_What this task involves_
Leaving out the pictures, retype the lines from the beginning of the listing through the line containing "5. средний слой".

================

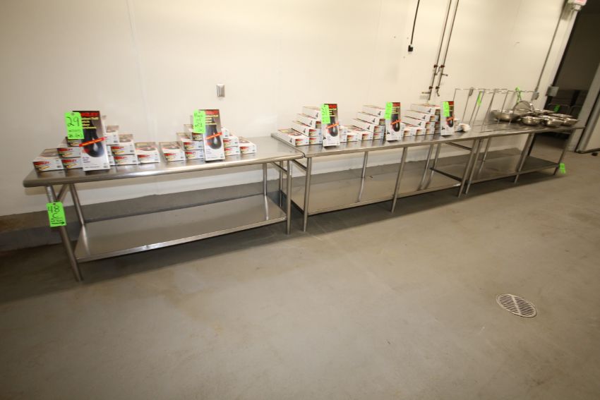 { Choice of lots: 48C (P) } } } } } } S/S Tables, All with S/S Bottom Shelves, Dims.: 72" L x 29" W x 31" H; 96" L x 30" W x 32" H; 96" L x 30" W x 32" H
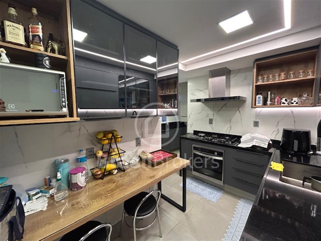 Imóvel possuí 03 suítes com armários embutidos planejados, blindex, espelhos, cozinha totalmente planejada com armários planejados, cooktop, forno
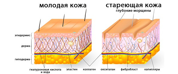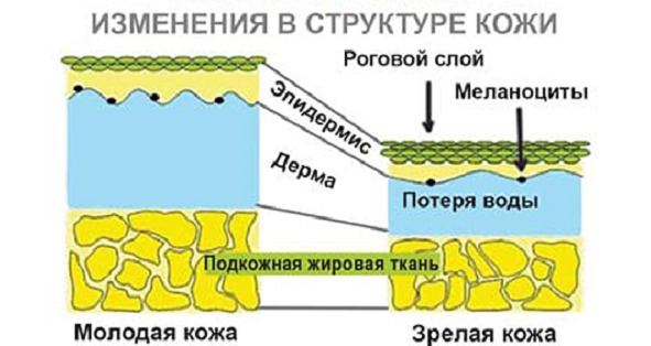 5. средний слой – дерма также становится тоньше и любые повреждения заживают медленнее.
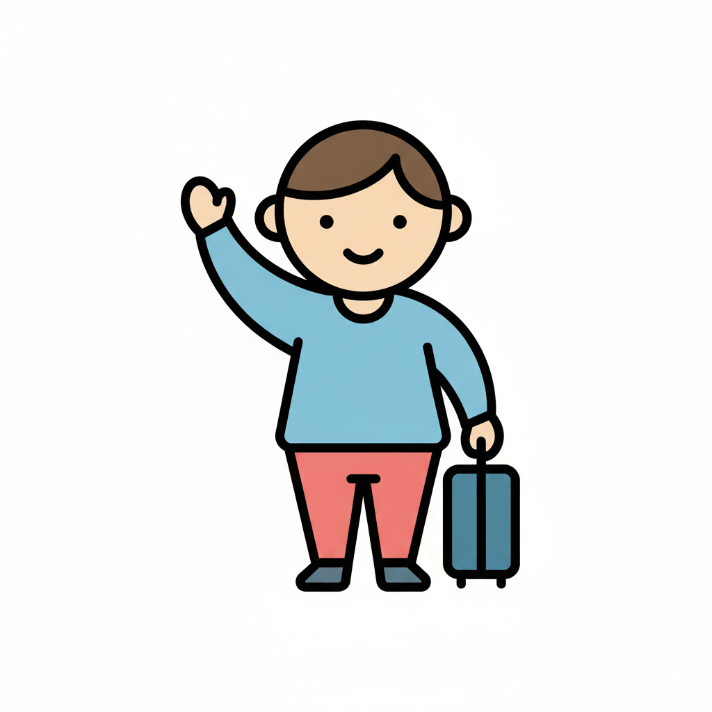 Minimalistische Vektorillustration im flächigen Icon-Stil. Sehr einfache, reduzierte Formen mit klaren, dicken Konturen und wenigen Details. Flächige Farben ohne Verläufe oder Texturen, ruhige Farbpalette, klare Silhouette und gut lesbare, freundliche Figur. Moderne, kindgerechte Lernillustration im Stil einfacher Piktogramme, sauberer Hintergrund und übersichtliche Komposition. Hoher Kontrast, isoliert auf weißem Hintergrund. WICHTIG: KEIN TEXT im Bild. Hintergrund: Rein weiß.
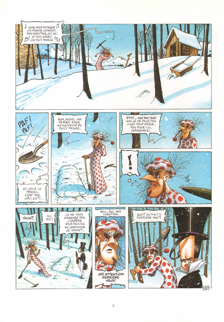 Cerise sur la gâteau, Turf nous en met une nouvelle fois plein les yeux avec un dessin encore plus abouti que dans les albums précédents (mais comment cela est-il possible !?!? C'était déjà parfait avant !!! Il est vraiment fort ce Turf ...). Aussi bien dans l'esthétisme du trait (que c'est beau !!!), que dans la variété des dessins (plusieurs styles graphiques au menu) ou l'originalité de la mise en page (certaines cases sont tellement folles que ça fait même penser à du Andreas ... excusez du peu !!!), on ne peut que s'incliner devant le génie graphique de l'auteur.

================

_Solution for this task_
 { Choice of lots: 48C (P) } } } } } } S/S Tables, All with S/S Bottom Shelves, Dims.: 72" L x 29" W x 31" H; 96" L x 30" W x 32" H; 96" L x 30" W x 32" H
 Imóvel possuí 03 suítes com armários embutidos planejados, blindex, espelhos, cozinha totalmente planejada com armários planejados, cooktop, forno
 5. средний слой – дерма также становится тоньше и любые повреждения заживают медленнее.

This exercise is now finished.